TASK GOAL. Produce an exact transcription of the listing below, omitting the pictures.

※

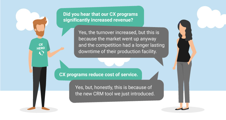 So far, so good. But at a certain point during CX programmes, the decision-makers in your company will ask you about the value of CX. For example, in the context of upcoming budget planning or unexpected challenges, like the current Covid-19 pandemic. In critical cases like this one, the value of CX programmes is even more relevant. Every CX practitioner knows the high-level metrics of increased sales, reduced cost of service and improved employee satisfaction. But these metrics are too general to invalidate specific counterarguments. Here are two examples:
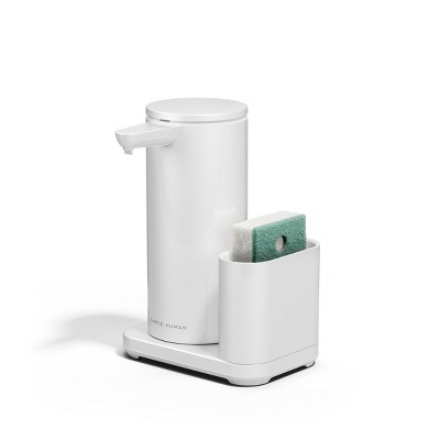 The perfect tool for dispensing soap touch-free without leaving germs behind. Optimized for efficient dishwashing with a caddy that perfectly fits the pump and stores a sponge so it's always at your fingertips. Holds 50% more soap than our standard pump so you'll refill less often. Clog-proof tubing pump ensures a precise and consistent flow, and the silicone valve prevents messy drips. To control the amount of soap desired, you can position your hand up close to the sensor for a little soap and farther away for more. A wide refill opening makes refills fast and easy, and a there's a QR code under the lid so you can reorder soap in a flash. It's also waterproof for easy cleaning. Rechargeable with included wireless charger — and one charge lasts up to 8 months. Use simplehuman soap for optimum pump performance. Also works with hand sanitizer.
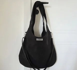 Piękna duża torebka wykonana z ekozamszu, mocnego materiału, bawełniana podszewka, zapinana na suwak, w środku dwie kieszonki 20cm x 16cm, długość paska regulowana, Szerokość 48 cm, wysokość bez uchwytów 39 ...
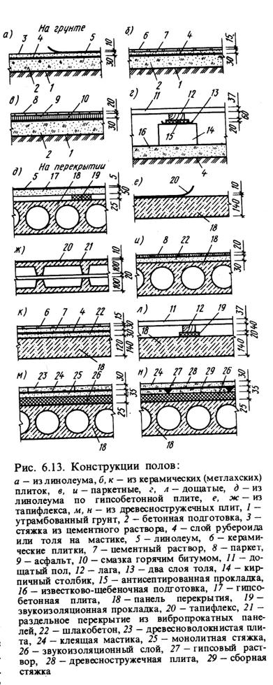 Полы устраивают по перекрытиям или непосредственно по грунту.
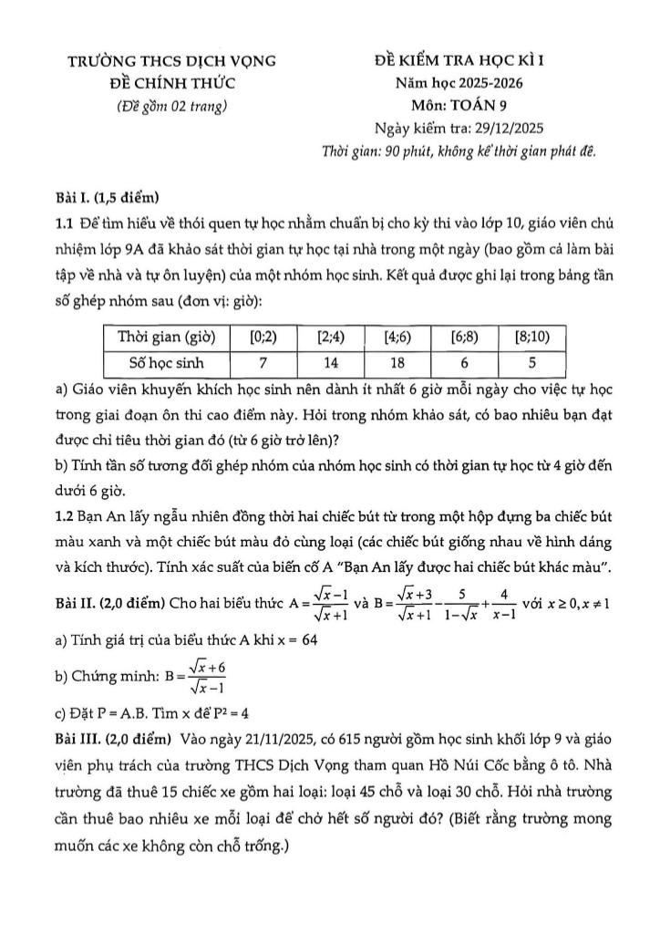 Trích dẫn Đề học kì 1 Toán 9 năm 2025 – 2026 trường THCS Dịch Vọng – Hà Nội:
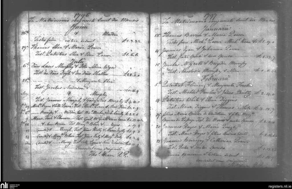 Killea; County of Waterford; Diocese of Waterford and Lismore. Marriages, June 1796 to Feb. 1797
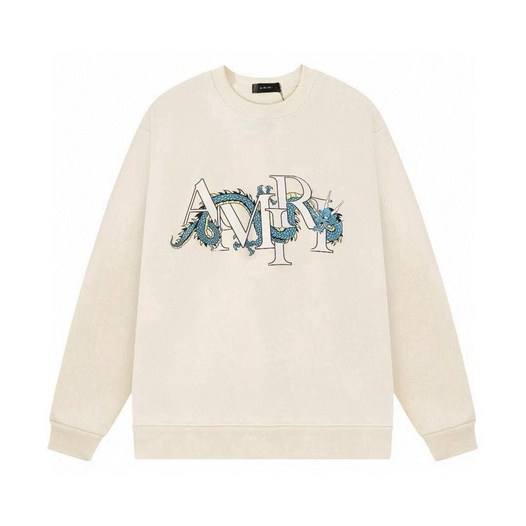 Amiri Sweatshirt Autumn/Winter AMI Blue Dragon Letter Pattern Crew Neck Pullover Sweater
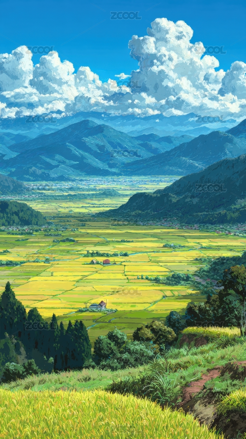 夏日山间田园风光插画
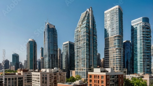 Fototapeta premium City Skyline with Tall Buildings Under Clear Sky in Daytime Featuring Modern...
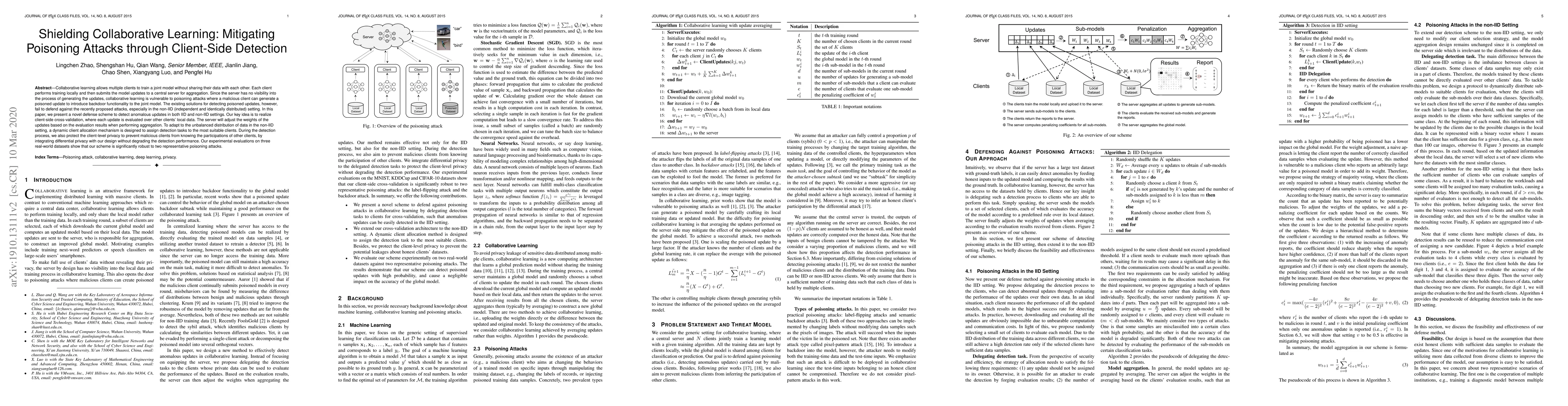 This research paper proposes a novel defense scheme to detect poisoning attacks in collaborative learning, utilizing client-side cross-validation and dynamic client allocation to protect against malicious updates while maintaining client-level privacy.
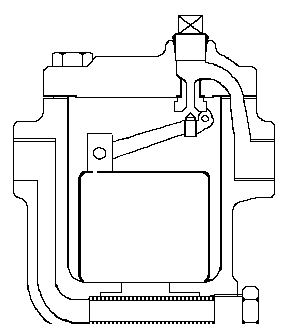 倒吊桶式疏水閥內部是一個倒吊桶為液位敏感件,吊桶開口向下,倒吊桶連接杠桿帶動閥心開閉閥門。倒吊桶式疏水閥能排空氣,不怕水擊,抗污性能好。過冷度小,漏汽率小于3%,最大背壓率為75%,連接件比較多,靈敏度不如自由浮球式疏水閥。因倒吊桶式疏水閥是靠蒸汽向上浮力關閉閥門,工作壓差小于0.1MPA時,不適合選用。

※

THE ANSWER.
 So far, so good. But at a certain point during CX programmes, the decision-makers in your company will ask you about the value of CX. For example, in the context of upcoming budget planning or unexpected challenges, like the current Covid-19 pandemic. In critical cases like this one, the value of CX programmes is even more relevant. Every CX practitioner knows the high-level metrics of increased sales, reduced cost of service and improved employee satisfaction. But these metrics are too general to invalidate specific counterarguments. Here are two examples:
 The perfect tool for dispensing soap touch-free without leaving germs behind. Optimized for efficient dishwashing with a caddy that perfectly fits the pump and stores a sponge so it's always at your fingertips. Holds 50% more soap than our standard pump so you'll refill less often. Clog-proof tubing pump ensures a precise and consistent flow, and the silicone valve prevents messy drips. To control the amount of soap desired, you can position your hand up close to the sensor for a little soap and farther away for more. A wide refill opening makes refills fast and easy, and a there's a QR code under the lid so you can reorder soap in a flash. It's also waterproof for easy cleaning. Rechargeable with included wireless charger — and one charge lasts up to 8 months. Use simplehuman soap for optimum pump performance. Also works with hand sanitizer.
 Piękna duża torebka wykonana z ekozamszu, mocnego materiału, bawełniana podszewka, zapinana na suwak, w środku dwie kieszonki 20cm x 16cm, długość paska regulowana, Szerokość 48 cm, wysokość bez uchwytów 39 ...
 Полы устраивают по перекрытиям или непосредственно по грунту.
 Trích dẫn Đề học kì 1 Toán 9 năm 2025 – 2026 trường THCS Dịch Vọng – Hà Nội:
 Killea; County of Waterford; Diocese of Waterford and Lismore. Marriages, June 1796 to Feb. 1797
 Amiri Sweatshirt Autumn/Winter AMI Blue Dragon Letter Pattern Crew Neck Pullover Sweater
 夏日山间田园风光插画
 Fototapeta premium City Skyline with Tall Buildings Under Clear Sky in Daytime Featuring Modern...
 This research paper proposes a novel defense scheme to detect poisoning attacks in collaborative learning, utilizing client-side cross-validation and dynamic client allocation to protect against malicious updates while maintaining client-level privacy.
 倒吊桶式疏水閥內部是一個倒吊桶為液位敏感件,吊桶開口向下,倒吊桶連接杠桿帶動閥心開閉閥門。倒吊桶式疏水閥能排空氣,不怕水擊,抗污性能好。過冷度小,漏汽率小于3%,最大背壓率為75%,連接件比較多,靈敏度不如自由浮球式疏水閥。因倒吊桶式疏水閥是靠蒸汽向上浮力關閉閥門,工作壓差小于0.1MPA時,不適合選用。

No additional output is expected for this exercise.